Try it:
Give the listing again exactly, omitting its images.

Records to use:
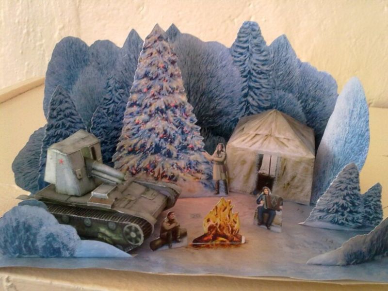 - Разпечатайте картата за 9 май на червена хартия. Тя се изрязва и залепва в горния ляв ъгъл;
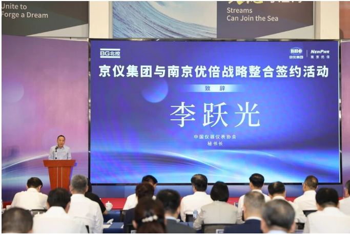 在北控集團、江寧區(qū)及江寧開發(fā)區(qū)有關領導,中國儀表儀表學會、協(xié)會,儀綜所,清華大學精密儀器系,上海自動化院,南陽防爆所,中國石油和化工自控專委會,國標委TC124\SC2等行業(yè)專家,康吉森、科遠智慧、菲尼克斯和天康集團等國內儀器儀表行業(yè)重點企業(yè)負責人共同見證下,京儀集團與南京優(yōu)倍完成戰(zhàn)略整合簽約。
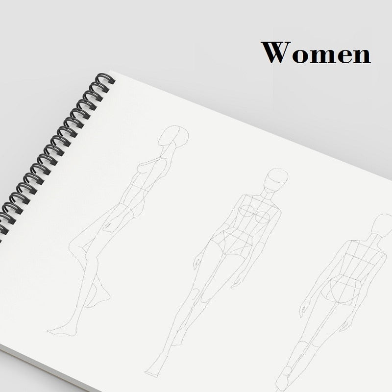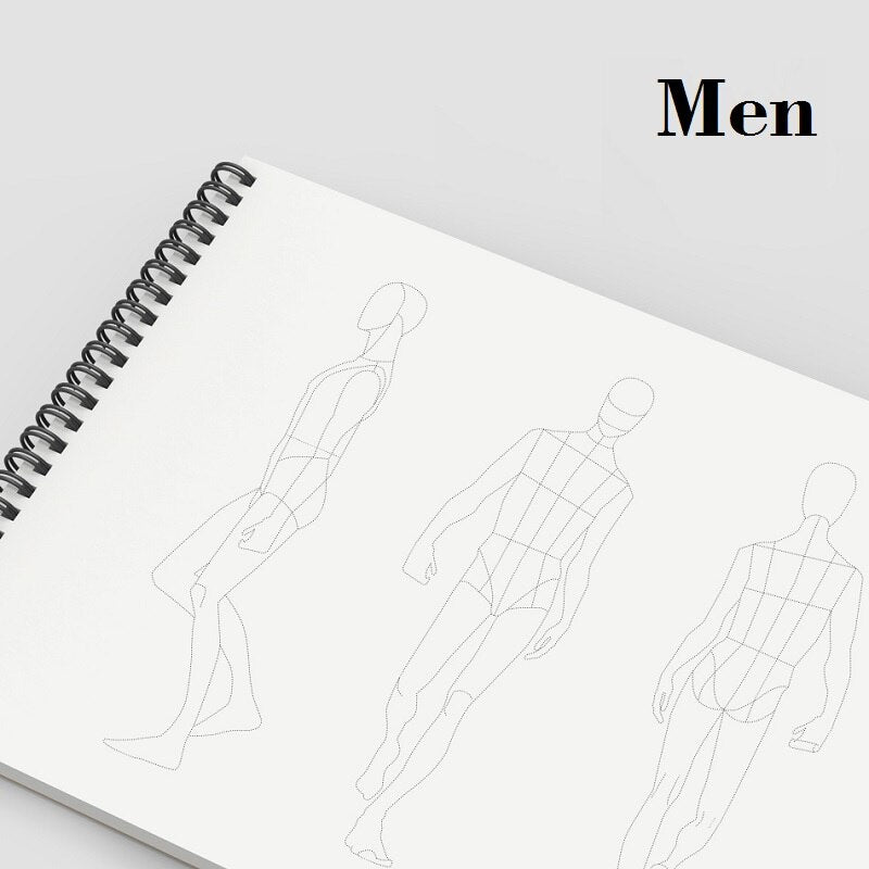 A4 Clothing Designer Dotted Line Human Body Painting Notebook Design Professional Women's Men's Clothing Sketch Book 50 sheets
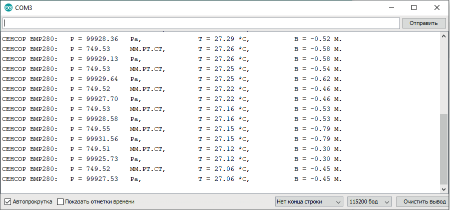 | 2 | Модуль «Датчик атмосферного давления» | Чтение с модуля | I2C |
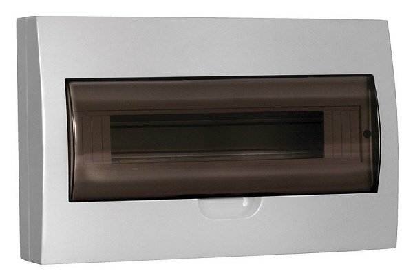 Щиток модульный с прозрачной дверцей для автоматических выключателей, настенный, корпус АБС-пластик, дверца полистирол, типоразмер: 1 ряд, 18 модулей, шина N/PE 6х9 мм 8/1 - 1 шт +шина N/PE 6х9 мм 10/1 - 1 шт, U-номин. 400В, I-номин. 63А, IP41, -20...+80 °С, 220х365х100 мм, цвет белый RAL 9016
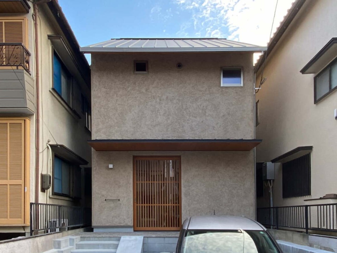 洗い出し土間と製作格子の引き戸がからは手作りの家が感じられ、いつも出入りが楽しくなります。

Solution:
 - Разпечатайте картата за 9 май на червена хартия. Тя се изрязва и залепва в горния ляв ъгъл;
 在北控集團、江寧區(qū)及江寧開發(fā)區(qū)有關領導,中國儀表儀表學會、協(xié)會,儀綜所,清華大學精密儀器系,上海自動化院,南陽防爆所,中國石油和化工自控專委會,國標委TC124\SC2等行業(yè)專家,康吉森、科遠智慧、菲尼克斯和天康集團等國內儀器儀表行業(yè)重點企業(yè)負責人共同見證下,京儀集團與南京優(yōu)倍完成戰(zhàn)略整合簽約。
 A4 Clothing Designer Dotted Line Human Body Painting Notebook Design Professional Women's Men's Clothing Sketch Book 50 sheets
 | 2 | Модуль «Датчик атмосферного давления» | Чтение с модуля | I2C |
 Щиток модульный с прозрачной дверцей для автоматических выключателей, настенный, корпус АБС-пластик, дверца полистирол, типоразмер: 1 ряд, 18 модулей, шина N/PE 6х9 мм 8/1 - 1 шт +шина N/PE 6х9 мм 10/1 - 1 шт, U-номин. 400В, I-номин. 63А, IP41, -20...+80 °С, 220х365х100 мм, цвет белый RAL 9016
 洗い出し土間と製作格子の引き戸がからは手作りの家が感じられ、いつも出入りが楽しくなります。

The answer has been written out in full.